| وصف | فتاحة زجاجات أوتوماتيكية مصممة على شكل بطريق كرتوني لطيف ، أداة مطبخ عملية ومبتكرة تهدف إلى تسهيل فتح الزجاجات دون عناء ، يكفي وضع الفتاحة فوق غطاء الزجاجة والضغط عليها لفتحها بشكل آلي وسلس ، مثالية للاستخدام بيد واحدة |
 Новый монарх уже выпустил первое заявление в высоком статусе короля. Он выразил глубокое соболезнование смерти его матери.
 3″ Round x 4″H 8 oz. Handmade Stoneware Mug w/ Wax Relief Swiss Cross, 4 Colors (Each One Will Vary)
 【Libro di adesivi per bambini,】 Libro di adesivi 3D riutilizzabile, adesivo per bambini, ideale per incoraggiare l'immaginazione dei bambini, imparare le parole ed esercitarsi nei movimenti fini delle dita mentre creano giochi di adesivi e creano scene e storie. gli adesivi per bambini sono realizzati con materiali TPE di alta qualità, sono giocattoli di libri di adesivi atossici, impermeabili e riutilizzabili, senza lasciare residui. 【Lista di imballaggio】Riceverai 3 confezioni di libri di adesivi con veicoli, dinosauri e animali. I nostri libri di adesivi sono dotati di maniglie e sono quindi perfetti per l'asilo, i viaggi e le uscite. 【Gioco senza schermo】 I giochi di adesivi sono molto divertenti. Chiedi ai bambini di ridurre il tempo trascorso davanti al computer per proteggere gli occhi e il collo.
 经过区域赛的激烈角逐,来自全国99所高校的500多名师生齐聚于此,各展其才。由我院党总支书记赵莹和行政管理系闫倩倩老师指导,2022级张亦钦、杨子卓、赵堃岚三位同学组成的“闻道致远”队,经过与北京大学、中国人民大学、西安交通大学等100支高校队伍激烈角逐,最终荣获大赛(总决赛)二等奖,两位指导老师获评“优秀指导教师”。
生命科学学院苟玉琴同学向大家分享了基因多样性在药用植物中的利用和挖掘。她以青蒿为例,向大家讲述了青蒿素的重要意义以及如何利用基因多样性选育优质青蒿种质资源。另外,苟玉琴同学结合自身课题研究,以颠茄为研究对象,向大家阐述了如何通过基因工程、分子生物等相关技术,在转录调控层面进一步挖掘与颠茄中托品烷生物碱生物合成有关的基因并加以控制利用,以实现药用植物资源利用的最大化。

What the task asks: The lines of the data, from the first through the one containing "3″ Round x 4″H", are to be transcribed exactly.

Expected answer:
| وصف | فتاحة زجاجات أوتوماتيكية مصممة على شكل بطريق كرتوني لطيف ، أداة مطبخ عملية ومبتكرة تهدف إلى تسهيل فتح الزجاجات دون عناء ، يكفي وضع الفتاحة فوق غطاء الزجاجة والضغط عليها لفتحها بشكل آلي وسلس ، مثالية للاستخدام بيد واحدة |
 Новый монарх уже выпустил первое заявление в высоком статусе короля. Он выразил глубокое соболезнование смерти его матери.
 3″ Round x 4″H 8 oz. Handmade Stoneware Mug w/ Wax Relief Swiss Cross, 4 Colors (Each One Will Vary)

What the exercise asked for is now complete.